Of course it's the latest and greatest ($$$$$$ and unobtanium) but one look at H100/H200 performance[3] and you can see what happens when the vendor has a robust software ecosystem to help sell their hardware. Pay the Nvidia tax on the frontend for the hardware, get it back and then some as a dividend via the software especially when anything close (assuming this even is) is another paid product/SaaS/whatever their monetization strategy is.
At the risk of this turning into an Nvidia sales pitch Triton will do the same thing for absolutely any model via the ONNX, TensorRT, Pytorch, Tensorflow, OpenVINO, etc backends.
I have an implementation generating embeddings via bge-large-v1.5 that's also the fastest thing out there.
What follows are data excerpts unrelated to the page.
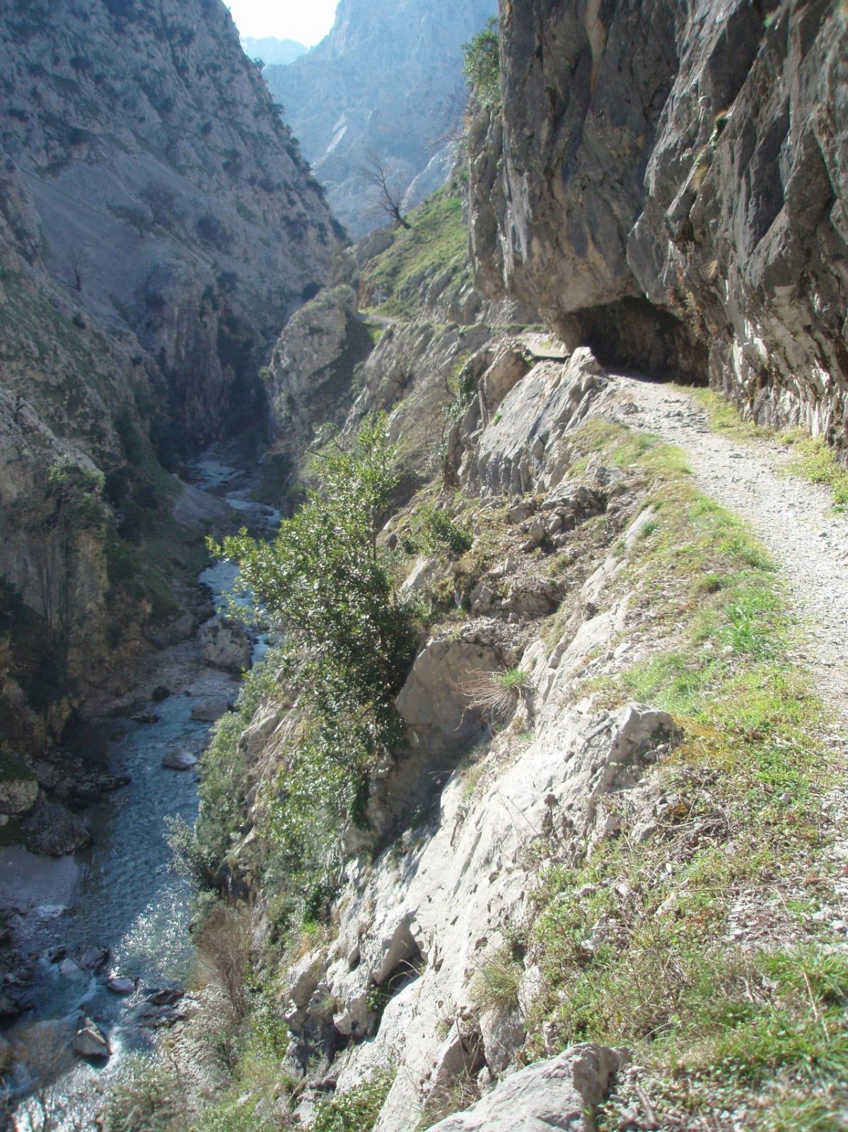 Turistická cesta z Poncebos do Caín patří totiž k tomu nejkrásnějšímu, co příroda v Picos de Europa svým návštěvníkům připravila. Kaňon Garganta del Cares je opravdu úchvatná soutěska. Hloubka kaňonu dosahuje až několika set metrů a ze stezky široké občas necelý metr a zaříznuté vysoko v úbočí skály se nám nabízí ty nejúžasnější scenerie, jaké si jen lze představit. Sousedící masív Cerredo překonává dno kaňonu dokonce o více jak dva kilometry! Napříč soutěskou vede pečlivě vyvedená a ve skále odvážně vystřílená cesta, která byla vybudována hydrografickou společností v souvislosti se stavbou vodního koryta přívodního kanálu do elektrárny, která leží nad Poncebos. Výstavba kanálu probíhala v letech 1915 až 1921. Vedlejší úlohou kanálu bylo právě propojení vesnic Caín (autonomní oblast León) a Poncebos (Asturie). Postavit kanál se spádem pouze 1:1 000 a sousední cestu muselo být v tomto těžkém terénu hodně složité. Původní plány výstavby se několikrát měnily. Ručně bylo potřeba razit až 71 tunelů. Pracovalo zde 500 lidí a stavba si vyžádala 11 obětí. Když návštěvník kaňonu prochází kolem tohoto neskutečného vodního díla, které se proplétá jako had okolo a uvnitř skal, nestačí se divit, co je schopen člověk ne jenom vymyslet, ale i vybudovat. Avšak i pohledy dolů připadají někdy jako neskutečné. Občas klidná říčka vytváří lesklé plochy vodní hladiny, aby ji po chvíli vystřídali malé vodopády. Jinde se pomalu plynoucí vodě postaví do cesty shluky mohutných skalisek.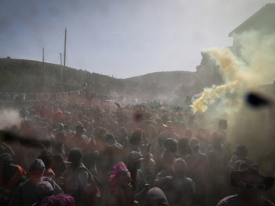 Την Καθαρά Δευτέρα το Γαλαξίδι μετατρέπεται σε σκηνικό έντονης, οργανωμένης ανατροπής. Τα Αλευρομουτζουρώματα, το πιο γνωστό αποκριάτικο έθιμο της πόλης, συγκεντρώνουν χιλιάδες επισκέπτες στο λιμάνι. Οι συμμετέχοντες φορούν παλιά ρούχα, προστατευτικά γυαλιά και καλύπτουν το πρόσωπό τους με μαντήλια. Σακούλες με αλεύρι και φυσικές χρωστικές ανοίγουν και μέσα σε λίγη ώρα ο αέρας γεμίζει σκόνη, χρώμα και θόρυβο. Το έθιμο έχει ρίζες στον 19ο αιώνα και, σύμφωνα με την τοπική παράδοση, συνδέεται με ναυτικές γιορτές πριν από τη Σαρακοστή. Δεν υπάρχει άρμα, δεν υπάρχει οργανωμένη παρέλαση- το δρώμενο εκτυλίσσεται αυθόρμητα αλλά με σαφή όρια στον χώρο του λιμανιού, ενώ ο δήμος μεριμνά για την ασφάλεια και τον καθαρισμό μετά τη λήξη.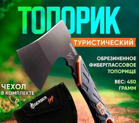 Топорик Gerber 24 см. туристический фиберглассовое обрезиненное топорище 450г. универсальный с защитным чехлом интересное: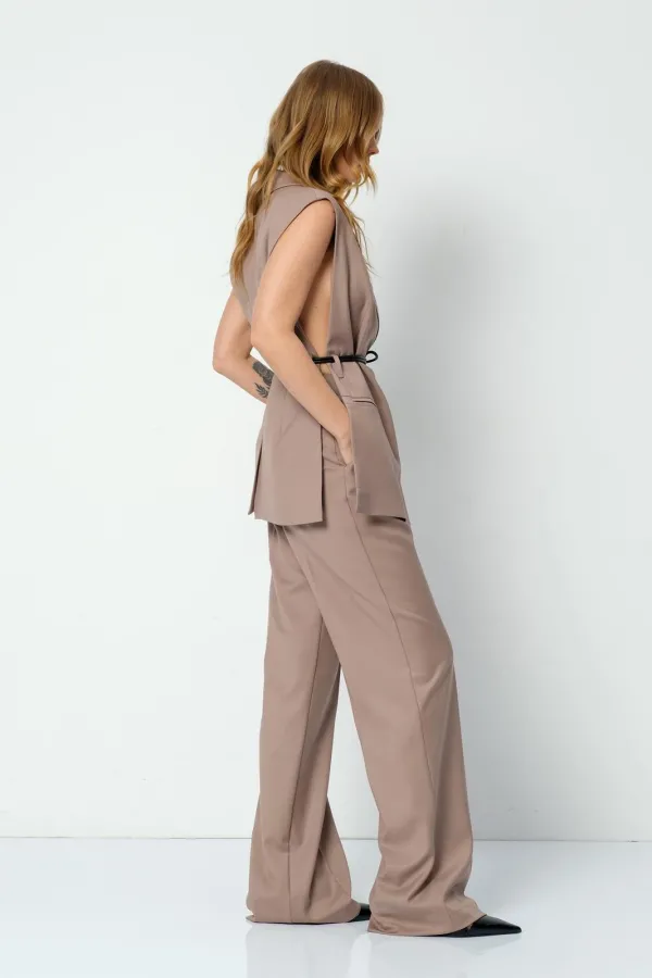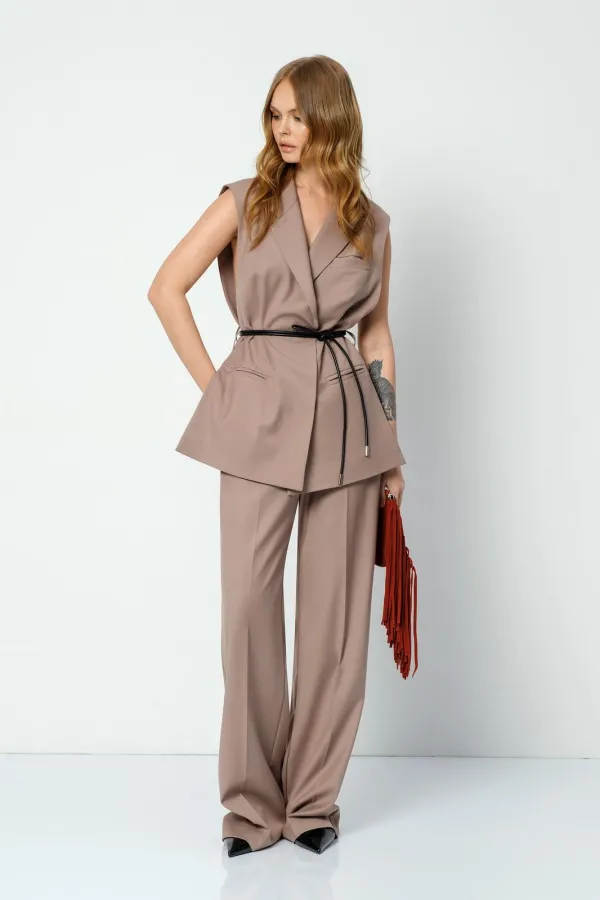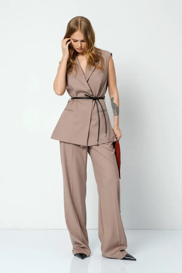 Костюм-двойка из прямого жилета и широких брюк со стрелками. Детали: жилет прямого силуэта, талиевые вытачки переда и спинки, пиджачный воротник, застежка на пришивные кнопки, спинка со средним швом и шлицей, функциональные карманы, жилет на подкладке, в комплекте пояс из основной ткани и чёрный пояс-шнурок из кожзама. Брюки с высокой посадкой, притачной пояс со шлевками, передние половины с небольшими застроченными мягкими складками и заутюженными стрелками, застежка на молнию и пуговицу, боковые карманы. Задние части брюк с вытачками и заутюженными стрелками. Пояс брюк прямой, без резинки. Длина жилета по спинке около 69 см в размерах 40-46 и около 71 см в размерах 48-52. Длина брюк по боковому шву с поясом около 114 в размерах 40-46 и около 115,5 см в размерах 48-52. Длина по внутреннему шву около 83 см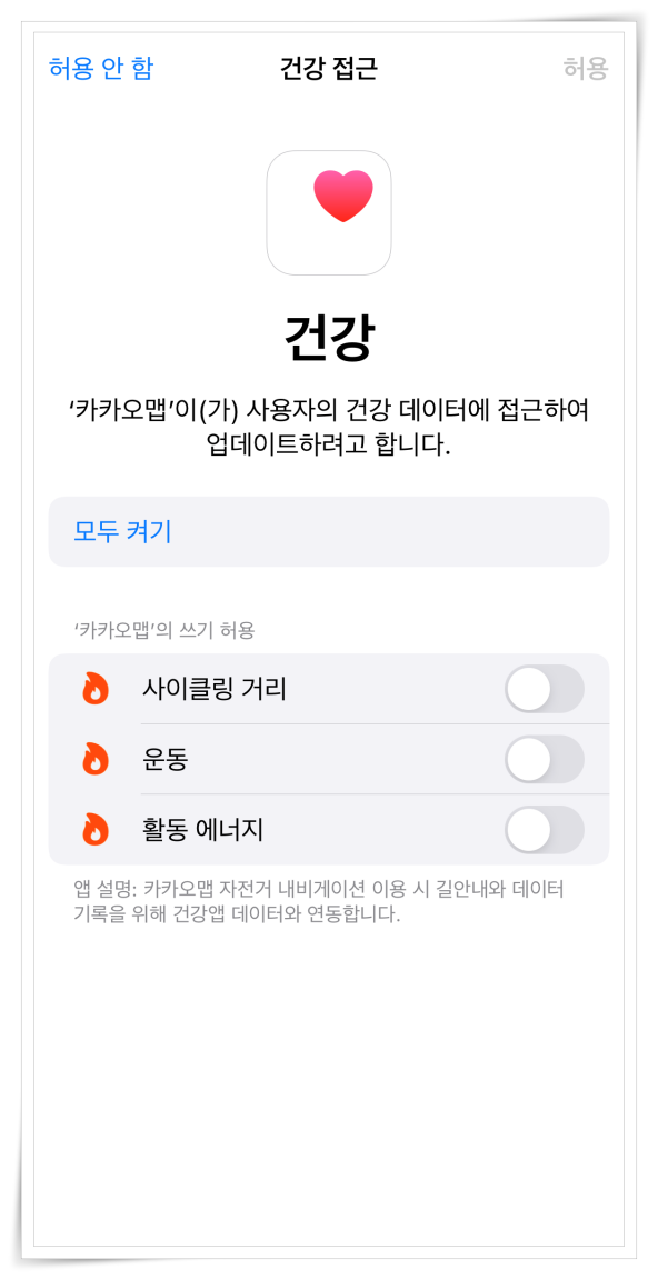 3. 사이클링 거리, 운동, 활성에너지 등 건강 데이터를 이용하려면 "허용"을 체크해 주세요.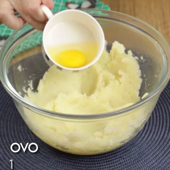 Posteriormente, refogue por alguns minutos e desligue. Nesse momento, escorra a água da batata e coloque em uma tigela, amasse formando um purê e em seguida coloque o ovo e a farinha de trigo.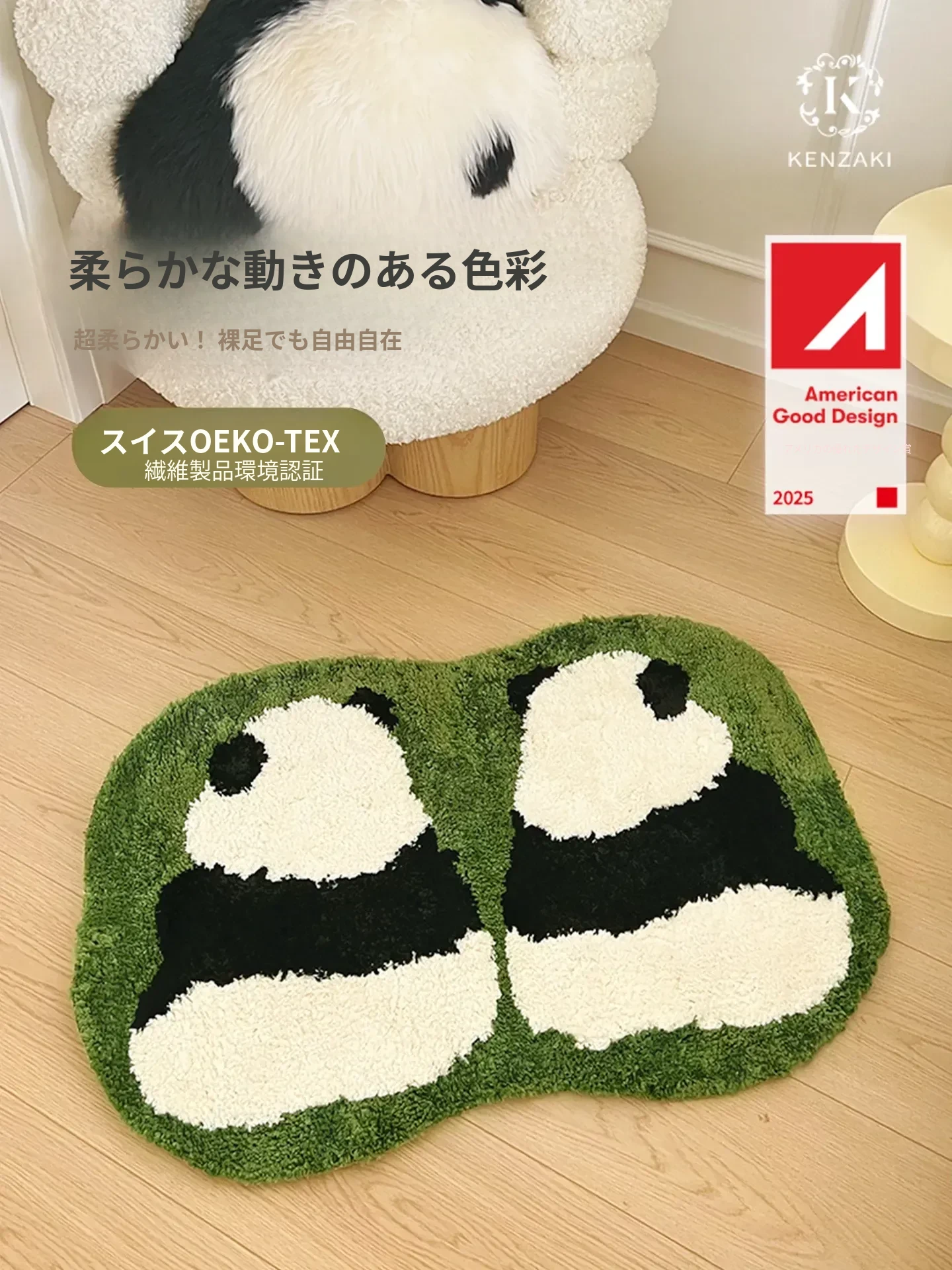 KENZAKI 洗える超柔らかベッドサイドマット - インスタ風デザインのオリジナルパンダ!滑り止め付きで子供部屋にもぴったり。快適な寝室を演出し、可愛いアイテムでお部屋を彩ります!

Same for Whisper, vision models, whatever you want.
I feel like MK1 must be aware of TensorRT-LLM/Triton but of course those comparison benchmarks won't help sell their startup.
[0] - https://github.com/NVIDIA/TensorRT-LLM
[1] - https://github.com/triton-inference-server/tensorrtllm_backe...
[2] - https://mkone.ai/blog/mk1-flywheel-race-tuned-and-track-read...
[3] - https://github.com/NVIDIA/TensorRT-LLM/blob/main/docs/source...
Apple and Microsoft's inability to work together was exploited to comical extremes, and now Nvidia is laughing their way to the bank with a 10+ year lead on software investment. Even if we're training models on Windows and MacOS in 2028, nobody will have actually solved the HPC problem. The "Linux moment" for general-purpose GPU number crunching may never arrive, certainly not without support from major OSes.